Antes de marcharse de las dependencias subterráneas que podían considerarse la base de la Elegía, garabateó una nota sobre un papel y usando el final de uno de los gavilanes de su daga, aplastó un sello de lacre nacarado junto a su nombre. Había ideado aquel mecanismo para evitar trampas y jugadas de otros asesinos, no quería a nadie dejando notas falsas haciéndose pasar por la líder. Un anillo hubiera sido más fácil y más barato de conseguir, pero también más fácil y más evidente para ser robado.

Poco tiempo después, sus pies tocaron el pretil de un balcón muy lejos de la base. Su enemigo dormía plácidamente, de espaldas a ella, tras las puertas acristaladas. Era todo un héroe, o eso querían decir los galardones y el ascenso que le habían proporcionado desde que mató a Faust.
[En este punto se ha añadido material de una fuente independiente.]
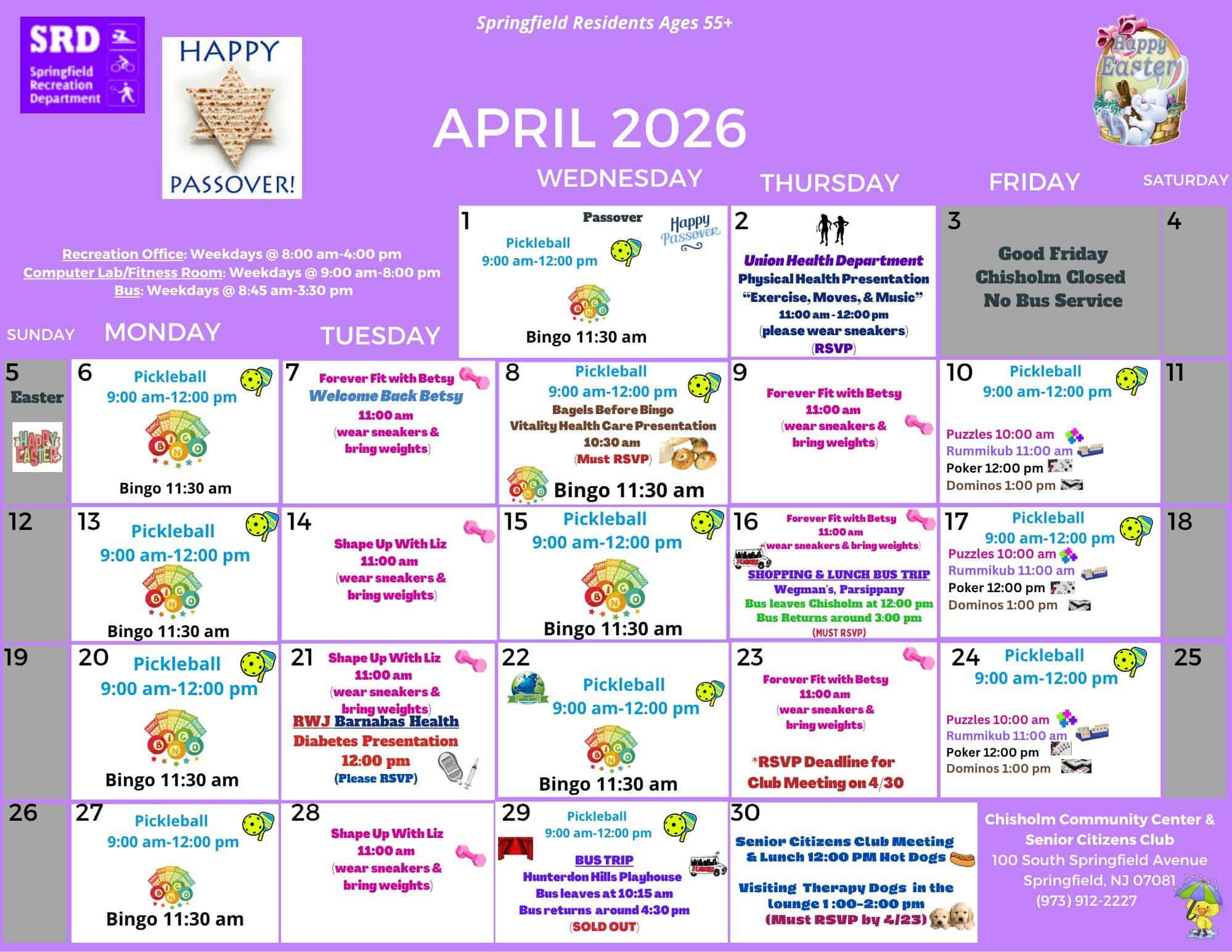 The Springfield Recreation Department’s April 2026 calendar for the 55+ community includes: a variety of games such as poker, dominos, rummikub, and puzzles; computer lab; indoor open-play pickleball (free annual registration required); “Shape Up with Liz” and “Forever Fit with Betsy” exercise classes (free annual registration required); fitness room open on weekdays from 9:00 am-8:00 pm (free annual registration required); Union Health Department “Exercise, Moves, & Music” (RSVP); RWJ Barnabas Health Diabetes presentation (RSVP); Vitality Health Care presentation with bagels (RSVP); shopping and lunch bus trip to Wegman’s in Parsippany (RSVP); bus trip to Hunterdon Hills Playhouse (sold out); and the Springfield Senior Citizens Club meeting (RSVP by Thursday, April 23).
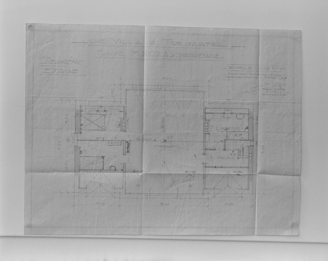 Deuxième étage, tirage sur papier, par Robert Vitasse, architecte, mars 1937.Immatriculation
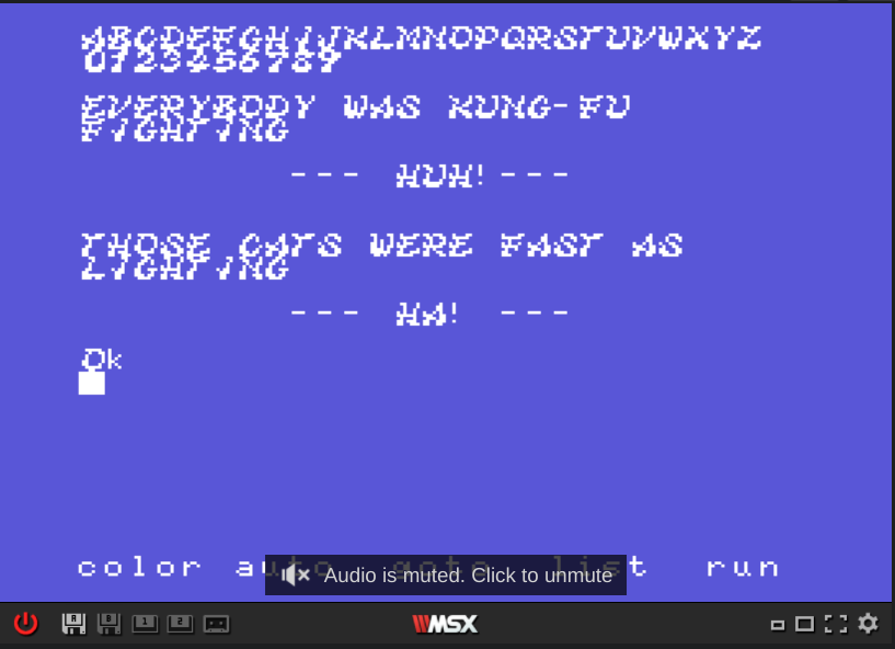 The code to load the pattern data back into the MSX VRAM isn’t complicated at all. I added a routine to print all numbers and uppercase letters so it could show the results after running the program, and also a message just for fun!
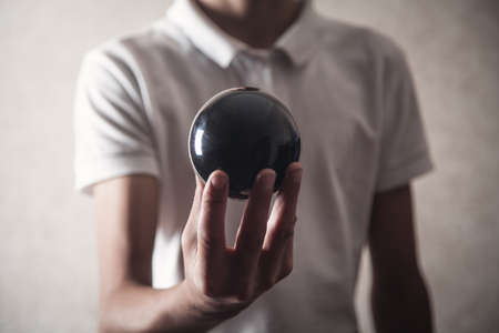 The human hand holds an orange bowling ball. Vivid colors. Summer day,
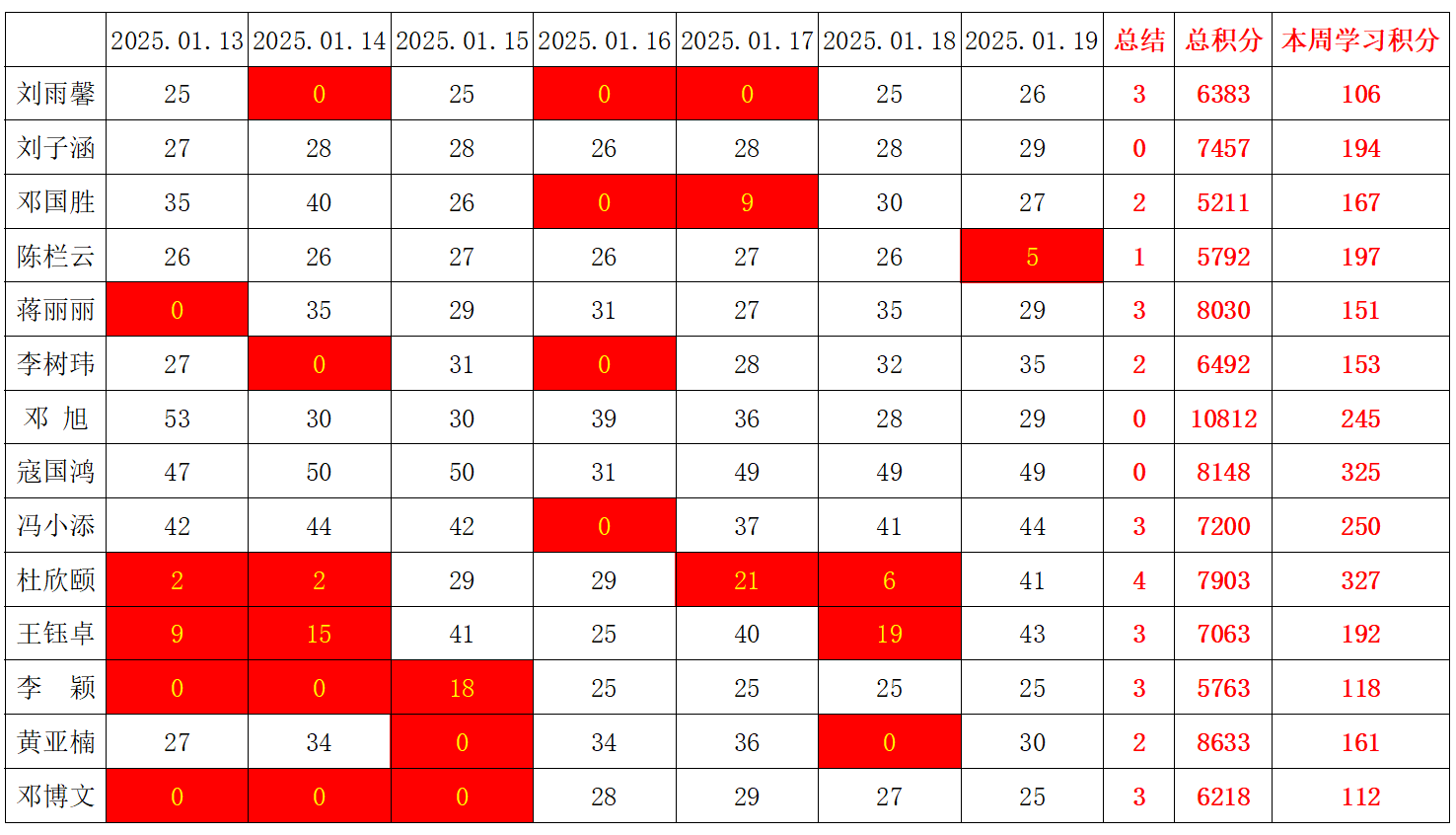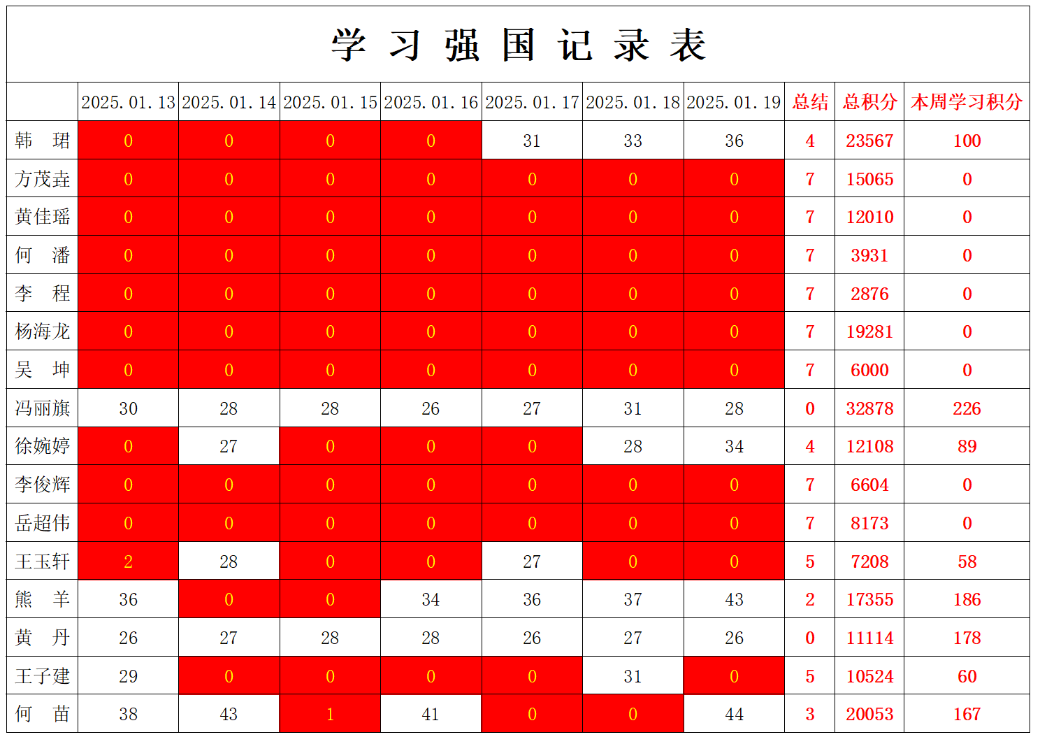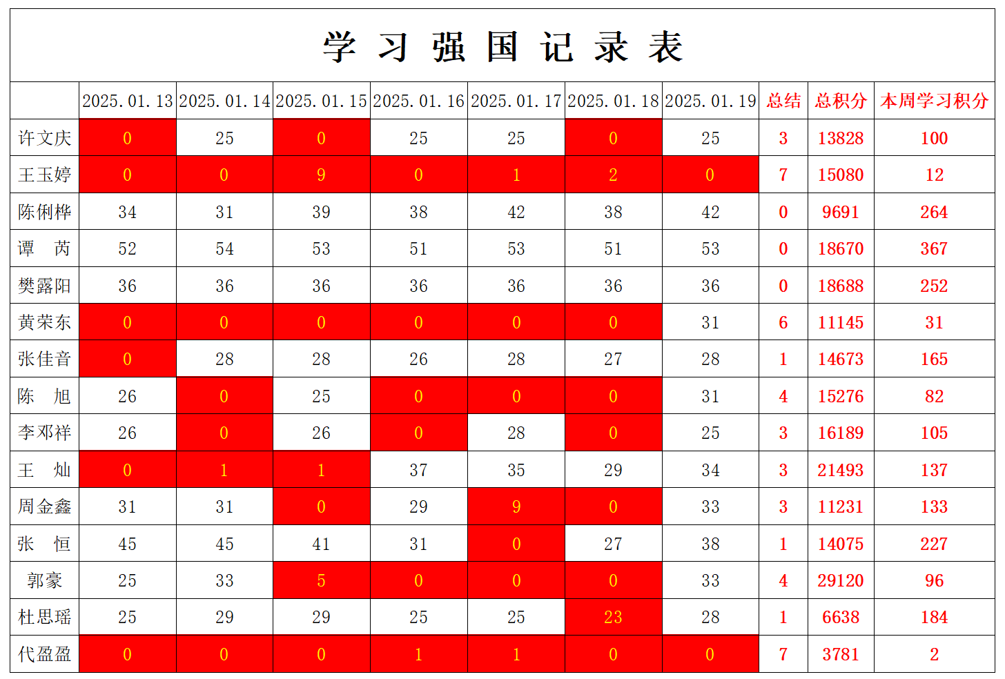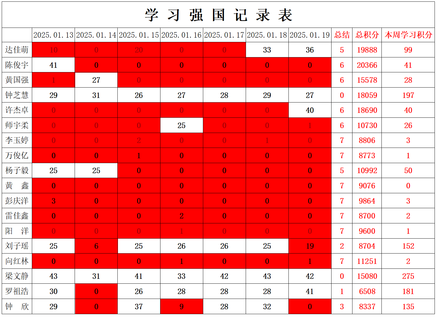 betway必威西汉姆联学生党支部2025年寒假第一周学习强国学习进度

Lentia no podía decir que no se los mereciera, pero si odiaba que pese a que las manos de ambos estaban manchadas de sangre, los actos de él eran vistos como una obra para la comunidad hiciera lo que hiciera.

El sonido de la espada del paladín atravesando la piel y los huesos de Faust crujió en los oídos de la no muerta. Seguía sin tener realmente claro por qué le había matado, estaba segura de que el licántropo no había hecho nada malo. Que ella supiera.

Sacudió la cabeza, apartando las dudas. No era momento para tenerlas.

Abrió las puertas del balcón con sumo cuidado. Las bisagras estaban lo suficientemente engrasadas como para que la entrada de Lentia pasara inadvertida. Se deslizó hasta el lado de la cama donde dormía Luther, empuñando un fino estilete que, clavado en el lugar correcto, harían de su paso a la muerte un viaje silencioso y rápido. Pero eso no era lo que Lentia quería, así que dejó que el estilete amenazara a Luther un segundo más de lo normal.